獲物を狙う猟犬のようにオランジーナは機会を狙っていたが、チャンスは巡ってこなかった。
「ほら、よろしくな。巫女見習い」
「はーい……ちぇっ」
天に瞬く三連の月の1つ、蒼の月の照り返しを受けた聖鎚がこれまでにないくらい黄金の輝きを放って地面へと叩きつけられた。
直後、数千の光が四方へとほどばしりあらゆるものが白い奔流に巻き込まれていく。
渦のようになった女神の力がはるか天空へと打ちあがった後。
辺りにあった魔獣の死骸は霧散し、オランジーナたちの服を汚していた血の痕すらも消えてしまった。

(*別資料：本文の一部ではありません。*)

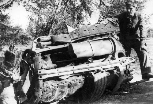 Капитан К.Н. Титенков у двигателя Jumo211 с поверженного «хейнкеля»
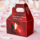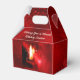 The reflected flame of a single red candle glows brightly on the front of this favour box, covered in a look of textured foil in a deep, deep red. "Wishing You A Blessed Holiday Season" is in a pale gold script font. The photo of the red candle, its flame and reflected flame and star-filled black and red muzzy background blend into a background of deep red. The inscription, "Wishing You A Blessed Holiday Season" can be edited easily to anything you like. Just hit "Personalise" and get started.
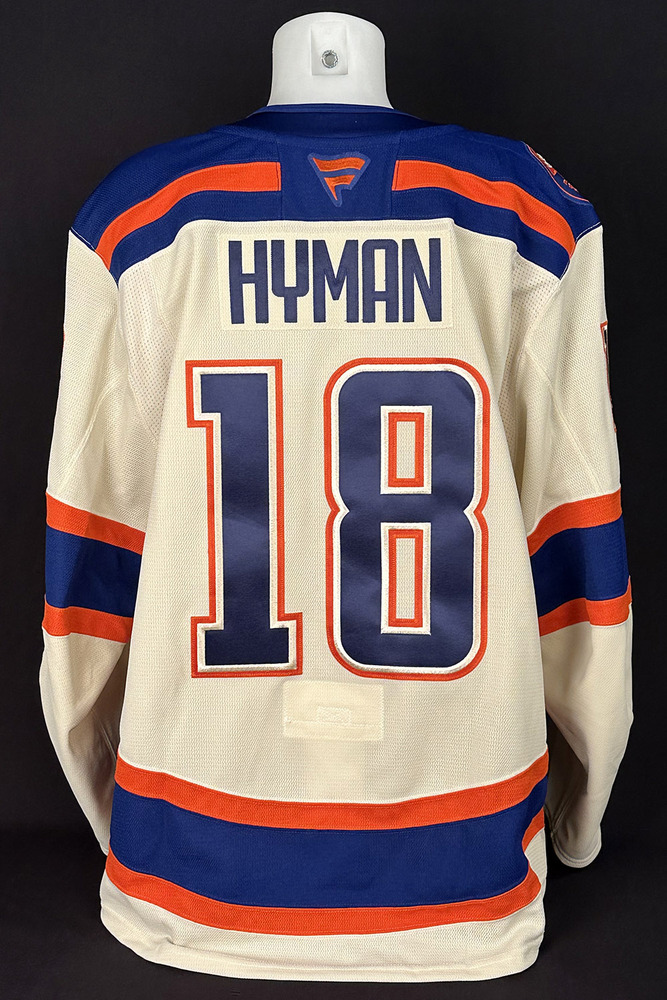 Welcome to the Edmonton Oilers Game Worn Jersey Program Online Auction! You are bidding on this #18 Zach Hyman - 2025-26 Edmonton Oilers Alternate Set #1 Game Worn Jersey - Worn For 1 Game - Dec 4th vs Seattle. The team wore this set of cream alternate jerseys for two games as follows: Oct 28th, 2026 vs Utah and December 4th vs Seattle. If the jersey was only worn by the player for one game it is noted accordingly in the auction title and reflected as such on the letter of authenticity. This Fanatics-made jersey features a special uniform set tag with a unique serial # sewn into the inside bottom hem. The tag reads "Edmonton Oilers, 2025/2026 Season Game-Worn Jersey, Alternate Set #1" along with the player's jersey # and surname. In addition, an Edmonton Oilers Game-Worn Jersey Inventory serial #D00227 unique to this jersey only is imprinted on the edge of the set tag. This particular jersey is a size 56 and was worn by Oilers forward Zach Hyman and is crested with his #18 and surname on the back. As is to be expected the game wear is very light considering the jersey was worn for only the one game and was also washed following it. It will come exactly as worn and is not autographed. In addition to the set tag certification mentioned above the jersey comes complete with a Letter of Authenticity from the Edmonton Oilers Hockey Club.

代わりに、魔窟の入り口から王都や地方へと向かう光の筋が幾本も浮かびがある。
オランジーナはそのうちの1本に、懐かしい匂いを感じた。
スカーレットハンズの上位構成員の一人。
バッカニアの香りだ。
「こっちです!」
魔法で露わになった足跡は、王都郊外へと伸びている。
これを辿ればバッカニアに接することができる。
そしてそこには、死にかけたニーシャもいるはず……。
「魔導探知ができました! 転移魔法で飛びます!」
ナウシカが光の足跡を辿り、いま現在、バッカニアがいるであろう場所を特定し、三人は即座に転移した。
移動した先は古い倉庫群が軒を連ねている。
王都周辺の地図を携行していたオランジーナは、手元を魔法の灯りで明るくしてここがどこかを見つけ出す。
「王立騎士団の所有するアウザット第二倉庫? なんでこんなところにいるんでしょう? もっと隠れ場所はあったはず」
「ま、探してみればわかるさ。スカーレットハンズの勢力は王国内部にも潜んでいるってことだろう」
「ああ、つまり――ニーシャ様があちら側にいたときに用意された、ということでしょうか?」
「多分、な」
のんびりとした憶測の会話をかわしながら、三人の視線は光の足跡が点々と続く左手奥の倉庫へと向かって注がれていた。